I made my way past the reporters and got into the club and the first thing on the agenda was a team meeting upstairs in the Graeme Richmond room. The whole team was in there, it was pretty tense and sombre, no one was saying much, but there was one glaring absence — Spud wasn’t there.
We waited about 15 minutes and finally we heard him walking up the stairs. I was looking down at my feet as he entered the room because you know you’re every chance to cop a spray if you make eye contact. When I looked up, Spud was standing up the front of the group and he had a compressor we used to pump up the footballs on the ground next to him.

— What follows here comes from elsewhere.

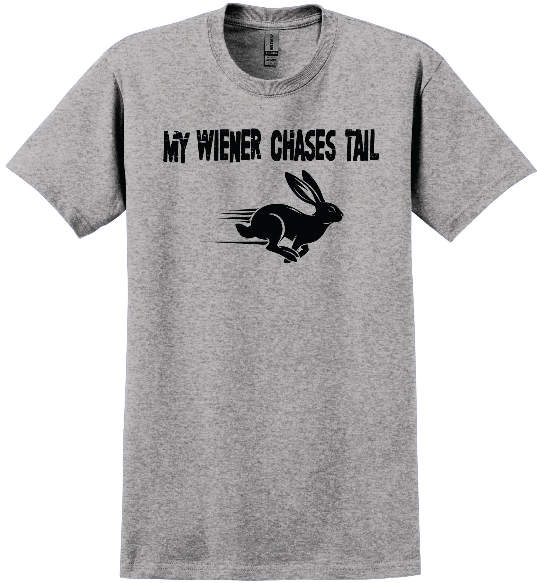 Design: “My Wiener Chases Tail” with a sleek, high-speed hare graphic

We’re all starting to think, “Maybe Spud has lost the plot here, what the hell is he doing?” He just stood there and he was looking at us and then he slowly bent down, picked up the compressor and held it up above his head.
He kept looking around and then said fairly quietly, “What am I boys?” No one said anything. He waited another 10 or 20 seconds and then said a little bit louder, “What am I boys?” No one knew what to say, so no one said anything. So a third time, with the compressor still above his head, Spud really yelled it, “WHAT AM I BOYS?”
One of the young players who made the rookie error of sitting in the front row finally broke the silence and said, “I don’t know Spud, what are you?” And Spud replied: “I’M UNDER THE BLOODY PUMP!”
Everyone roared with laughter and it really eased the tension in the room, which was obviously his intention. It summed up Spud as a character — he could always find a bit of humour in the most dire situation. It didn’t help him in the long run — later in the season he announced he was going to resign at the end of the year — but I’ll never forget that classic one-liner.
The pressure on Hird really cranked up this week and it’s hard not to point back to the WADA announcement as a turning point in the Bombers’ season.
After six rounds Essendon was 3-3. The Bombers had pushed Sydney at the SCG and beaten Hawthorn, Carlton and St Kilda. Then came WADA’s decision on May 12 to challenge the AFL anti-doping tribunal’s not guilty verdict.
While the Bombers remained competitive for the next few weeks they’ve really fallen away in the past month. They’ve lost to Geelong by 69 points, West Coast by 50 points, Hawthorn by 38 points and St Kilda by a record 110-point margin.
That St Kilda game on the weekend was one of the worst I’ve seen — they just weren’t in the contest at all. This WADA stuff must be affecting some of them, they must have just had enough.
It might not have changed anything but there was a bit of method in Spud’s madness that day at Richmond. Sometimes it doesn’t hurt to get a bit of humour in the place.